Personalmente, me parece que la metáfora más elegante y luminosa de Internet la llevaba el propio planeta en su seno. Y, qué curioso, sólo ahora ha salido a la luz gracias, entre otras cosas, a la tecnología digital. Paul Richards, un sismólogo de la Universidad de Columbia y Xiaodong Song, del Observatorio Terrestre Lamont-Doherty en Palisades (ambos en Nueva York), acaban de confirmar una increíble predicción obtenida por una simulación por ordenador del campo magnético de la Tierra: el núcleo más íntimo de nuestro planeta es un cristal de hierro con una masa semejante a la de la Luna que gira ligeramente más rápido que el resto del planeta. En primer lugar, descubrir que en el interior de esta vieja roca hay otra que también está girando ya constituyó una sorpresa mayúscula. Comprobar que, además, lo hace a mayor velocidad que la “muñeca” externa, se convirtió en un enigma. Perdonen por la transposición fácil, pero es inevitable comparar este fenómeno con lo que representa Internet hoy día, esa gigantesca masa de comunicación y conocimientos que gira a una mayor velocidad que el recipiente que la contiene y que, por tanto, dependiendo de su masa en constante crecimiento, comienza a influir decisivamente sobre la velocidad de la órbita general del cuerpo mayor.

Pero no se acaba ahí el paralelismo. El señor Richards ha conseguido precisar que el núcleo terrestre móvil tiene unos 2.400 kilómetros de diámetro y forma parte de un gigantesco motor eléctrico. En la frontera entre ese núcleo sólido y el núcleo fluido que lo recubre discurren corrientes eléctricas de miles de millones de amperios, las cuales generan fuerzas poderosísimas que tiran del núcleo sólido. Gracias a que el núcleo que lo recubre tiene una viscosidad relativamente baja, el sólido puede girar libremente.
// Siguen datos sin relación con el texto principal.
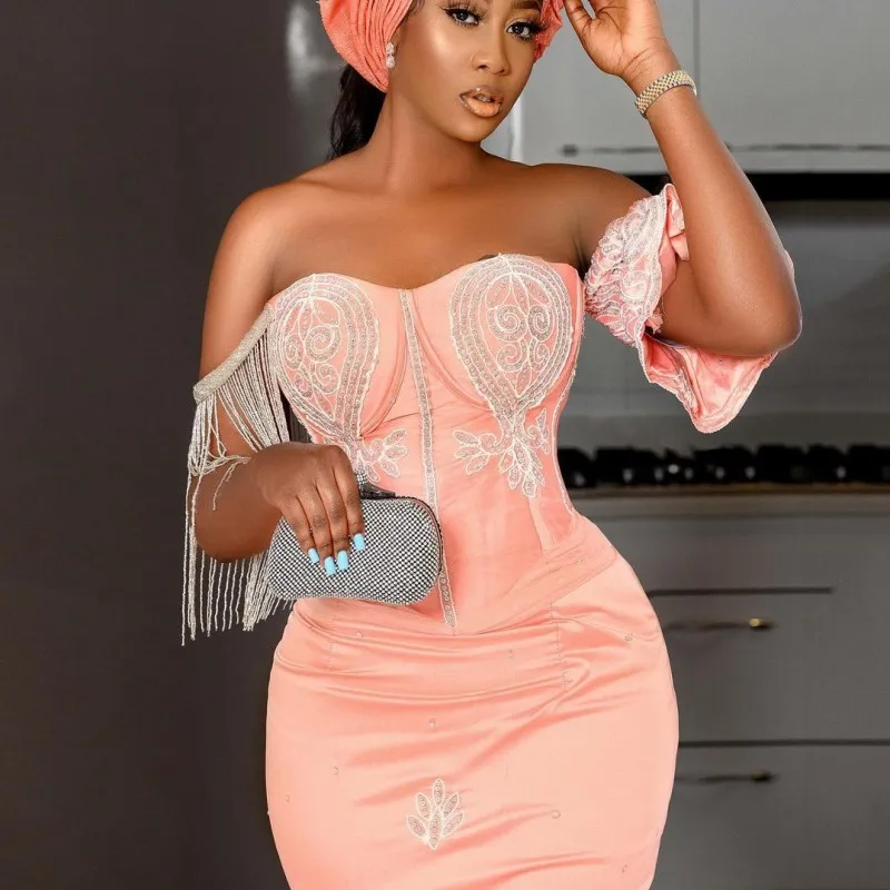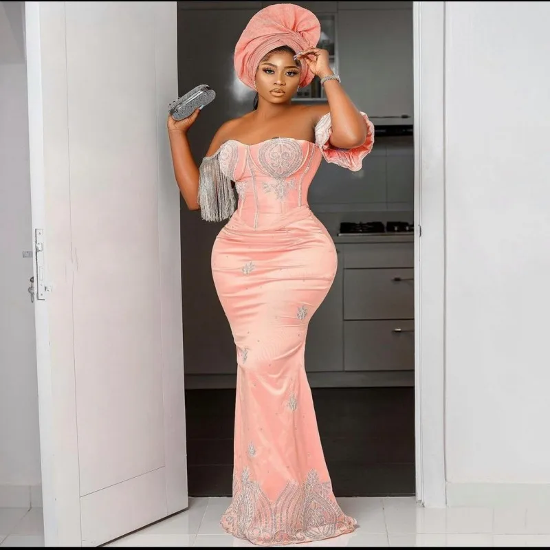 Aso Ebi платье-Русалка для выпускного вечера с открытыми плечами, кисточками и блестками, Длинные атласные африканские наряды для торжественных мероприятий, вечернее платье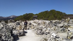 最後にせっかくなんで、恐山温泉に入りました。小さい木の浴槽が二つです。中々、気持ち良かった。 |
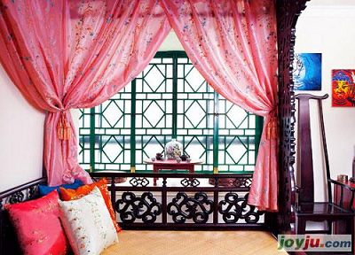 概要: 孔子說:文勝質(zhì)則史,質(zhì)勝文則野,文質(zhì)彬彬然后君子。講的是形式與內(nèi)容和諧才是最佳境界。繪畫出身的謝成成對(duì)藝術(shù)與設(shè)計(jì)有獨(dú)特的理解,用現(xiàn)代手法表現(xiàn)中國(guó)的傳統(tǒng)意境是他的技巧,兩者結(jié)合成就了現(xiàn)在這個(gè)家。廂床的粉色紗幔與背景的綠色相互對(duì)比,拉大了空間的距離感?! 】臻g的格局基本沒改,墻面的色彩也十分簡(jiǎn)單,謝成成用白水泥替代了白色涂料,目的就是為了避免濃重的有害氣味。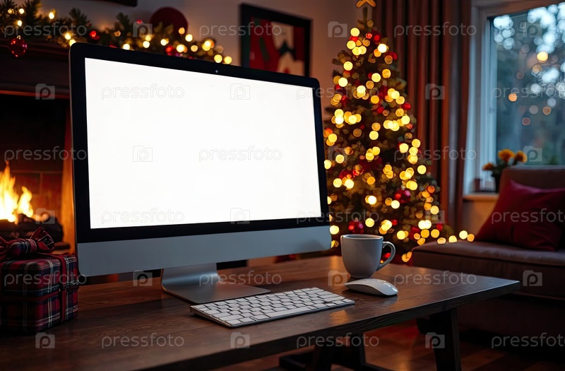 Монитор домашнего компьютера с белым экраном макет на столе в уютном домашнем офисе рождественского декора, елки и горящего камина с гирляндами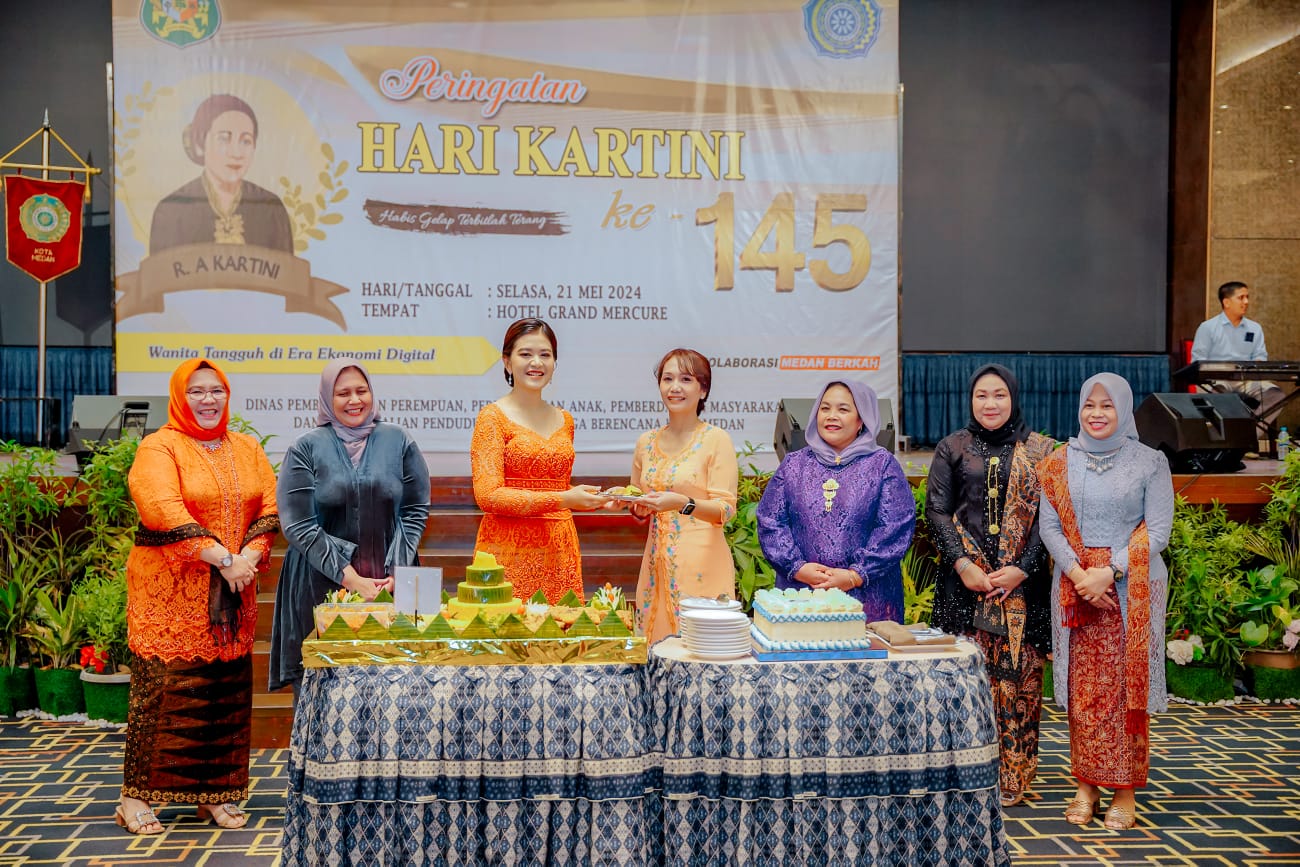 Dalam rangka memperingati Hari Kartini ke 145 Kota Medan Tahun 2024, TP PKK Kota Medan menggelar fashion show Kebaya Nasional di Hotel Grand Mercure Jalan Sutomo Medan, Selasa (21/5). Pesertanya, seluruh kader baik itu Ketua TP PKK Kecamatan dan Kelurahan hingga istri pimpinan perangkat daerah di lingkungan Pemko Medan.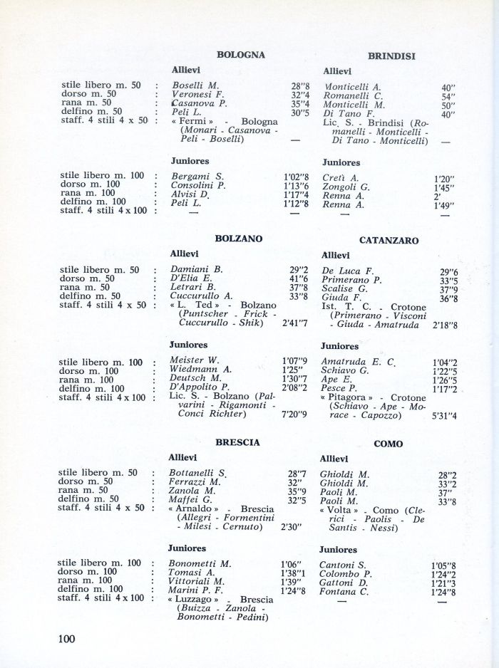 stile libero m. 100 dorso m. 100 rana m. 100 delfino m. 100 staff. 4 stili 4 x 100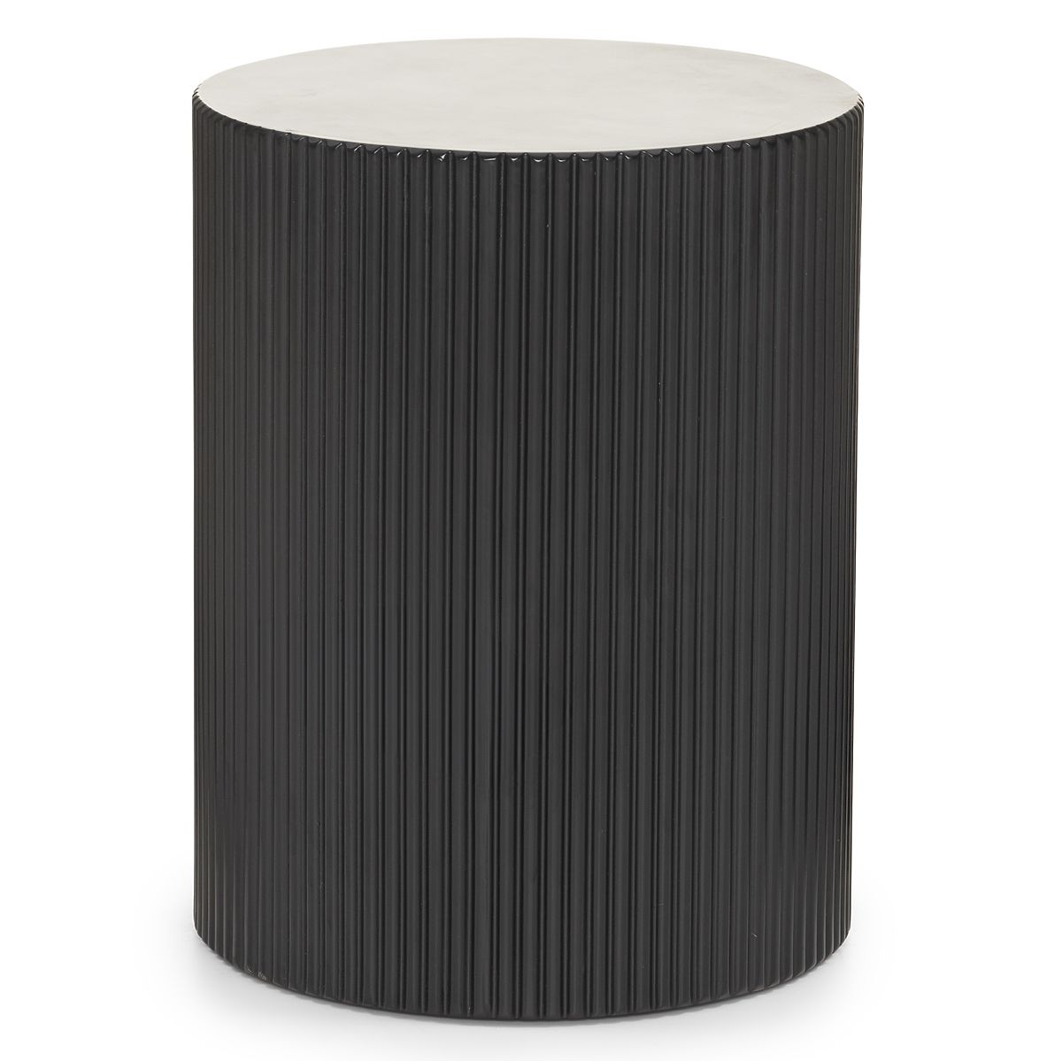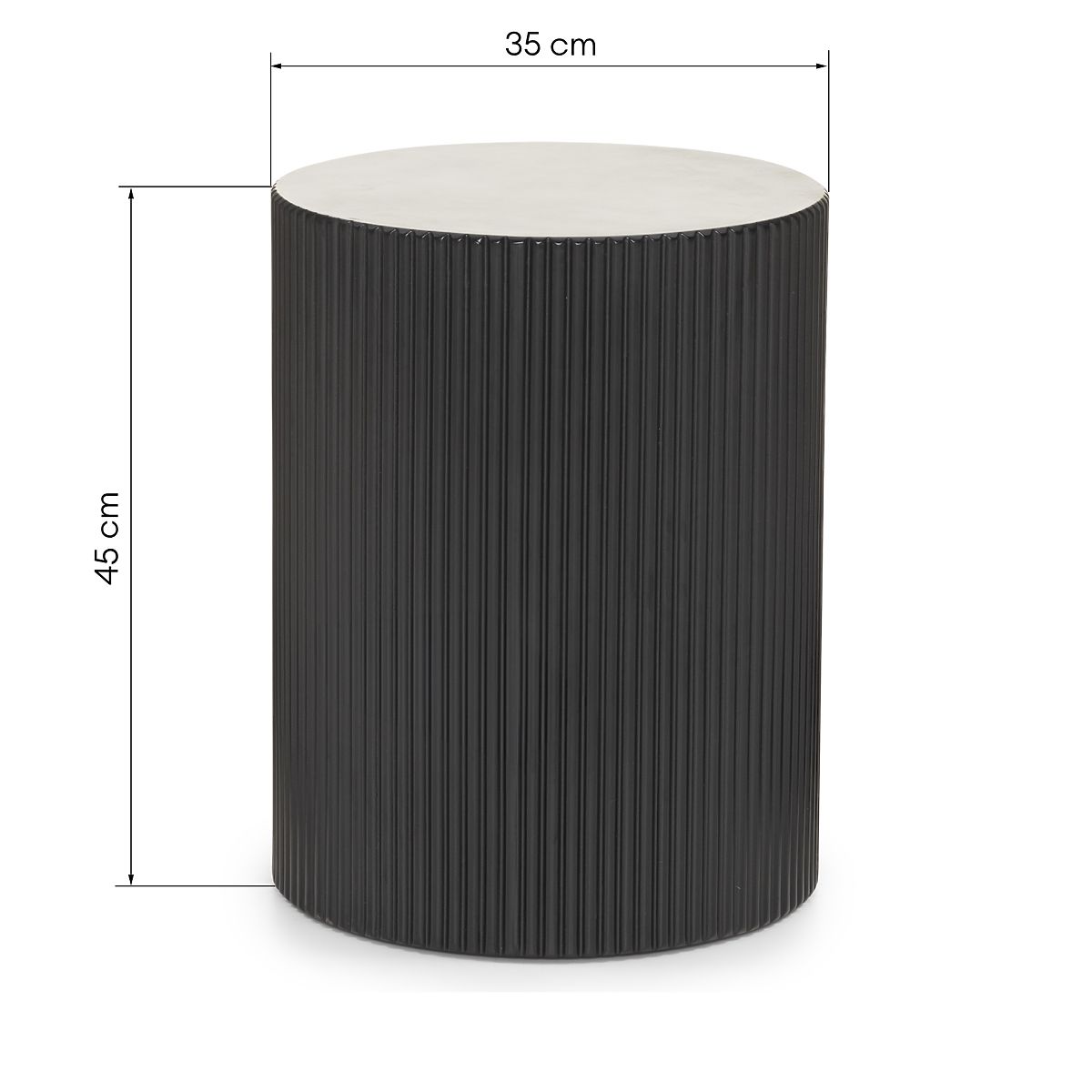 Table d'appoint noire avec plateau rond et rainurage décoratif. .. plus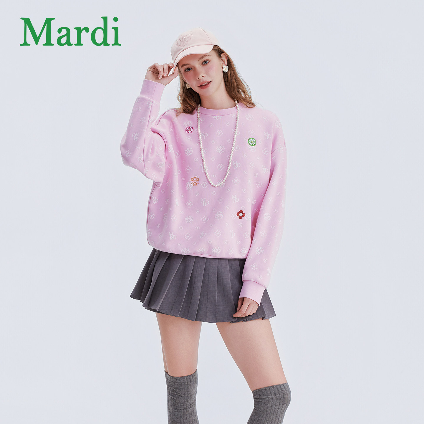 MARDI女装卫衣2025冬季新款女休闲百搭圆领字母印花长袖打底上衣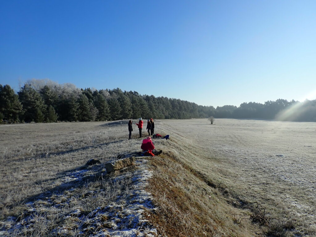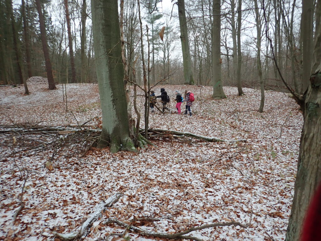 Heute wanderten die Kinder durch den Wald zum Versuchsgarten der Stiftung WaldWelten. Im Wald angekommen, machten sie zunächst ein paar Aufwärmübungen, denn es war noch mal so richtig kalt geworden. Dann wanderten sie weiter durch den Winterwald und Maike stellte das Spiel „Adlerauge“ vor. Innerhalb von 5 Sekunden mussten sich alle Kinder so verstecken, dass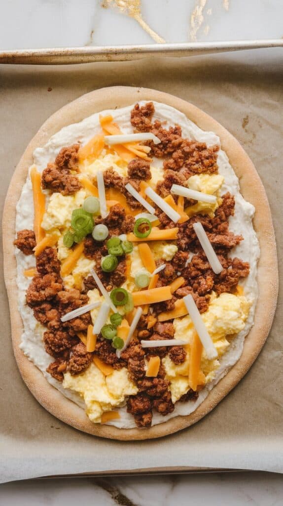 Place the flatbread on the preheated parchment-lined baking sheet. Spread the blended cottage cheese evenly over the flatbread. Top with scrambled eggs, then sprinkle on mozzarella, cheddar, and cooked sausage. Add green onions if you like.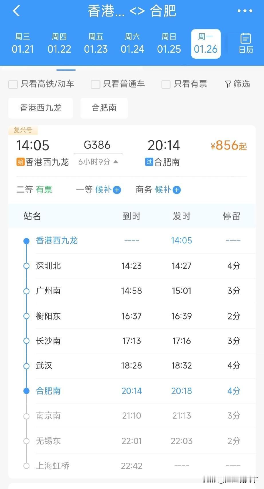 香港到合肥有直达高铁了,用时6小时9分,票价856元 以前香港到安徽,是没有直达高铁的,1月26号铁路调图,有了香港西九龙火车站直达合肥南站的G386次,车票已经开售。 中国铁路12306上显示,下午2点5分,香港西九龙站发车,经过深圳,广州,衡阳,长沙,武汉等站,在晚上8点14分到达合肥南站,二等座票价856元,总用时6小时9分钟。 这班G386次,是香港西九龙开往上海虹桥火车站的,到达合肥南站后,还会前行到南京南,无锡东,晚上10点42分到达上海虹桥火车站。 合肥到香港西九龙的高铁票,目前12306上还没有看到,后续应该会开通。坐动车去香港 深圳去香港交通 武汉-香港高铁 香港九龙西高铁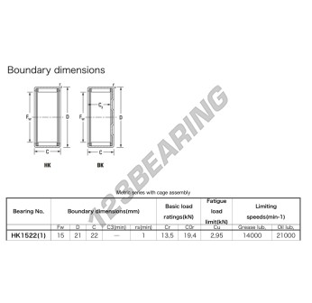 Łożysko Igiełkowe Typ Hk, znana pod numerem referencyjnym HK1522-JTEKT, marki JTEKT, posiada średnicę wewnętrzną 15 mm, średnicę zewnętrzną 21 mm oraz grubość 22 mm.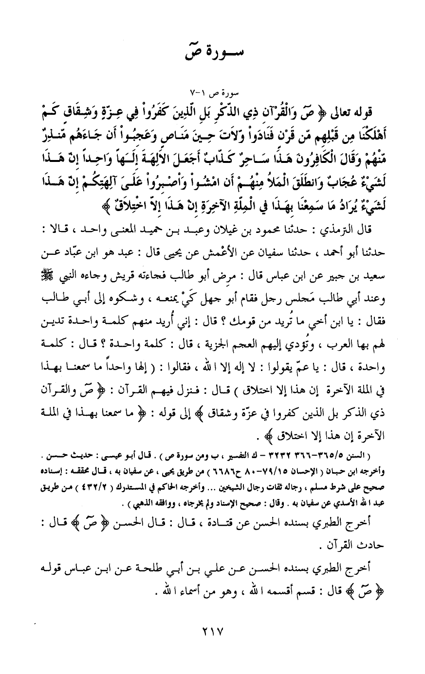 قال الترمذي: حدثنا محمود بن غيلان وعبد بن حميد المعنى واحد، قالا: حدثنا أبو أحمد، حدثنا سفيان عن الأعمش عن يحيى قال: عبد هو ابن عبّاد عن سعيد بن جبير عن ابن عباس قال: مرِض أبو طالب فجاءته قريش وجاءه النبي - صَلَّى اللَّهُ عَلَيْهِ وَسَلَّمَ - وعند أبي طالب مَجلس رجل فقام أبو جهل كَيْ يمنعه، وشكوه إلى أبي طالب فقال: يا ابن أخي ما تُريد من قومك؟ قال: إني أُريد منهم كلمة واحدة تدين لهم بها العرب، وتُؤدي إليهم العجم الجزية، قال: كلمة واحدة؟ قال؟ كلمة واحدة، قال: يا عمّ يقولوا: لا إله إلا الله، فقالوا: (إلها واحداً ما سمعنا بهذا في الملة الآخرة إن هذا إلا اختلاق) قال: فنزل فيهم القرآن: (ص وَالْقُرْآنِ ذِي الذِّكْرِ (1)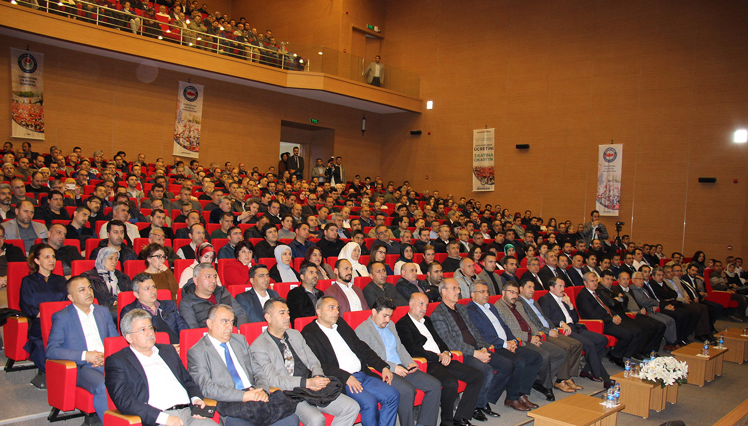 “11 hizmet kolunda da yetkiliyiz ve 5 milyona yakın insanın toplu sözleşme masasındaki beklentisini karşıladık” diyen Yalçın, sözlerini şöyle sürdürdü: “Memur-Sen, sancısı ve derdi olan bir ailedir. Memur-Sen, yaptığı çalışmalarla başarılı bir grafik çizdi ve tüm kamu kurumlarında üyesi bulunmaktadır. Burası Türkiye’nin entelektüel kapasitesi. Onun için bu teşkilatın hayatı görme bakış açısı, işi tutma ve iş görme kabiliyeti farklıdır. Memur-Sen, 2000’den sonraki darbe girişimlerinde millet iradesinin yanında durdu, 15 Temmuz’da alanlara ilk çıkan teşkilat olarak tarihe kaydoldu. ‘Eğitim-Bir-Sen iyi ki var’ cümlesinin altında, 12 milyon 300 bin imzayı bir ayda, kar kış, yağmur çamur demeden toplayıp kamusal alan yalanını tarihin çöp sepetine gönderen büyük bir ailenin başarısı var.”

Algo parecido sucede con Internet (¿o no?). La zona de fricción entre la Red y el exterior, entre el ciberespacio y el mundo real que lo contiene, está cargado de electricidad, de tensión o, como diría mi amigo Antonio Farrás, de energía potencial. Esto provoca un tirón poderoso sobre la propia red, sobre ese núcleo sólido, que la hace girar libremente. ¡Mejor ni pensar en la catástrofe telúrica que se produciría si el envoltorio fluido quisiera imponer su propia velocidad –sus propias reglas– al sólido que lleva en sus entrañas! A lo mejor quedaríamos todos electrocutados.

Fue Galileo quien musitó aquella inmortal frase “Eppur, si muove”. Sin embargo, la Tierra se mueve alrededor del Sol y no es, por tanto, el centro del Universo, como querían los inquisidores de la Iglesia Católica que le enjuiciaron para que se desdijera de semejante “herejía”. No sólo se movía, sino que, además, en su interior, se movía aún más. Al genio de Pisa no le debemos tan sólo sus geniales descubrimientos astronómicos. En su “Discurso en torno a las cosas que flotan en el agua”, Galileo utilizó el principio de las velocidades virtuales para demostrar los teoremas más elementales de hidrostática y deducir las condiciones necesarias para que flotara un cuerpo sólido en un líquido. Galileo, velocidad virtual, flotación de sólidos, el núcleo de la Tierra, Internet… Esto le demuestra a Moore que no es necesario convertir a la ciencia en un prosaico manual de recetas económicas con el único fin de aconsejarle a las empresas cómo ganar más dinero. La ciencia nos presta parangones muchos más bellos sobre lo que hoy estamos haciendo –y nos está ocurriendo– con Internet. Ese coro sólido que gira a más velocidad que el resto del planeta nos está diciendo cosas muy interesantes. A lo mejor no nos hace económicamente más ricos. Pero a eso ya estamos acostumbrados. Es nuestra velocidad natural.